Focus on quality growth

Diageo’s share price has risen 447% in 20 years from 650p to 3,557p today. That’s about 9% in capital per year on average previous returns from added dividends. The company’s financials also follow the same trend, which tells us that the stock price growth is justified.

In 2003 Diageo reported profits of £8.21bn. A decade later they were £11.3bn. Analysts expect a profit of £17.3bn for 2023. Yes, there have been blips, and periods of slow growth on the way, especially in 2020 and 2021, but the trend is very broad. And this is a quality business: the operating margin has been consistently around 28% for the last half decade, and the return on equity has increased from 26% in 2018 to 44% in 2022.

FTSE 100 defense stocks

The FTSE 100 stocks with the lowest daily volatility are Reckitt at 1.55% (which I have). Diageo is in ninth place with 1.87%. All of the companies in the top 10 are consumer defense or utilities, save for one oddity in form Rest—consumer cycle, which I also have. These types of companies all share the feature of selling things that consumers need or don’t like to ease their good or hard times. Therefore, profits, and usually earnings, tend to be stable throughout the economic cycle and usually help reduce stock price volatility.
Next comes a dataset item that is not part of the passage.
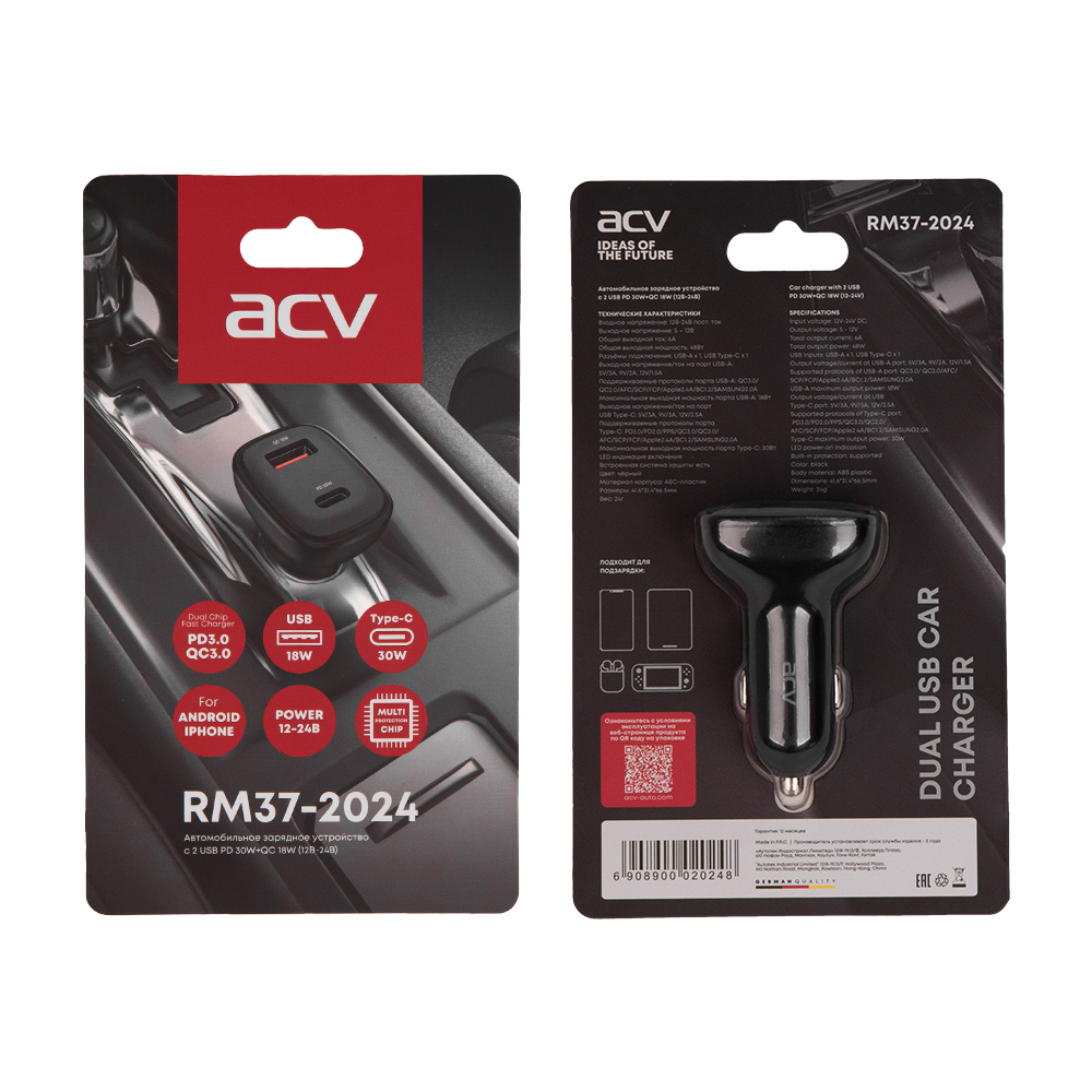Автомобильное зарядное устройство c 2 USB PD 30W/QC 18W (12В-24В)

But Diageo is not a perfect stock. It is currently priced at a forward P/E ratio of 20.5, which is high for the industry and when compared to the broader market. Considering next year’s projected EPS growth of 6.7%, it doesn’t look like growth in a reasonably priced stock, based on a PEG ratio of nearly three. However, this is something I will continue to invest in. If I was only interested in growth, maybe I would have avoided it. But as I said, Diageo also offers income and other qualities that continue to justify its inclusion in my portfolio.